Kemudian, BP selaku Direktur Utama PT Krakatau Engineering periode 2012-2015, HW alias RH sebagai Ketua Tim Persiapan dan Implementasi Proyek Blast Furnace tahun 2011. Dan tersangka kelima, MR selaku General Manager Proyek PT Krakatau Steel dari Juli 2013-Agustus 2019 sekaligus juga Project Manager PT Krakatau Engineering Periode 2013-2016.
Jaksa mengenakan dakwaan primer Pasal 2 ayat (1) jo Pasal 18 Undang-Undang RI Nomor 31 Tahun 1999 sebagaimana diubah dan ditambah dengan Undang-Undang Nomor 20 Tahun 2001 jo Undang-Undang RI Nomor 31 Tahun 1999 tentang Perubahan atas Undang-Undang RI Nomor 31 Tahun 1999 tentang Pemberantasan Tindak Pidana Korupsi jo Pasal 55 ayat (1) ke-1 KUHP.
Dan dakwaan subsider Pasal 3 jo Pasal 18 Undang-Undang RI Nomor 31 Tahun 1999 sebagaimana diubah dan ditambah dengan Undang-Undang Nomor 20 Tahun 2001 jo Undang-Undang RI Nomor 31 Tahun 1999 tentang Perubahan atas Undang-Undang RI Nomor 31 Tahun 1999 tentang Pemberantasan Tindak Pidana Korupsi Jo Pasal 55 ayat (1) ke-1 KUHP.
Kejaksaan Agung langsung menahan kelima tersangka. Penahanan dilakukan untuk mempercepat proses penyidikan.

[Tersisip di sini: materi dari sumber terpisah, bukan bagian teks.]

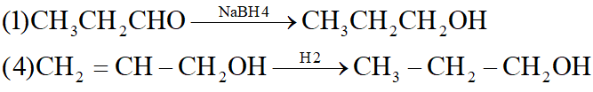 Trong các chất sau: (1)CH3CH2CHO, (2) CH3CH(OH)CH3, (3) (CH3)2CHCHO, (4) CH2=CHCH2OH ,những chất nào phản ứng với H2 hoặc sinh ra cùng một sản phẩm NaBH4?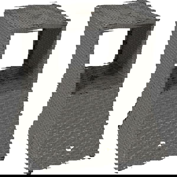 Bring a stylish feel to your coffee breaks with this rattan table from Outsunny. Made with weather-resistant PE wicker wrapped around a metal frame, this table has been built to withstand the weather, along with daily wear and tear to ensure it looks great for years to come. Easy to clean, it features a central hole to place a parasol umbrella, along with an open shelf in the middle to store your necessities when needed. It's a great addition to your garden, patio, conservatory or balcony.

Fazwar Bujang berstatus menjadi tahanan kota selama 20 hari, sejak 18 Juli 2022 sampai dengan 6 Agustus 2022. Sedangkan mantan Dirut PT KE berinisial ASS dilakukan penahanan di Rutan Salemba Cabang Kejaksaan Agung.
Sedangkan tersangka MR, ditahan di Rutan Salemba Cabang Kejaksaan Agung selama 20 hari. Untuk tersangka BP, dilakukan penahanan di Rutan Kelas 1 Jakarta Pusat Salemba dengan periode yang sama.
Terakhir, HW alias RH dilakukan penahanan di Rutan Kelas 1 Jakarta Pusat Salemba juga selama 20 hari, sejak tanggal 18 Juli 2022 sampai dengan 6 Agustus 2022.
Kasus korupsi ini terjadi pada tahun 2011-2019 ketika Krakatau Steel melaksanakan pengadaan pembangunan Pabrik Blast Furnace Complex yang memproduksi besi cair (hot metal) dengan menggunakan bahan bakar batubara (kokas). Tujuannya, untuk memajukan industri baja nasional dengan biaya produksi yang lebih murah karena dengan menggunakan bahan bakar gas, maka biaya produksi lebih mahal.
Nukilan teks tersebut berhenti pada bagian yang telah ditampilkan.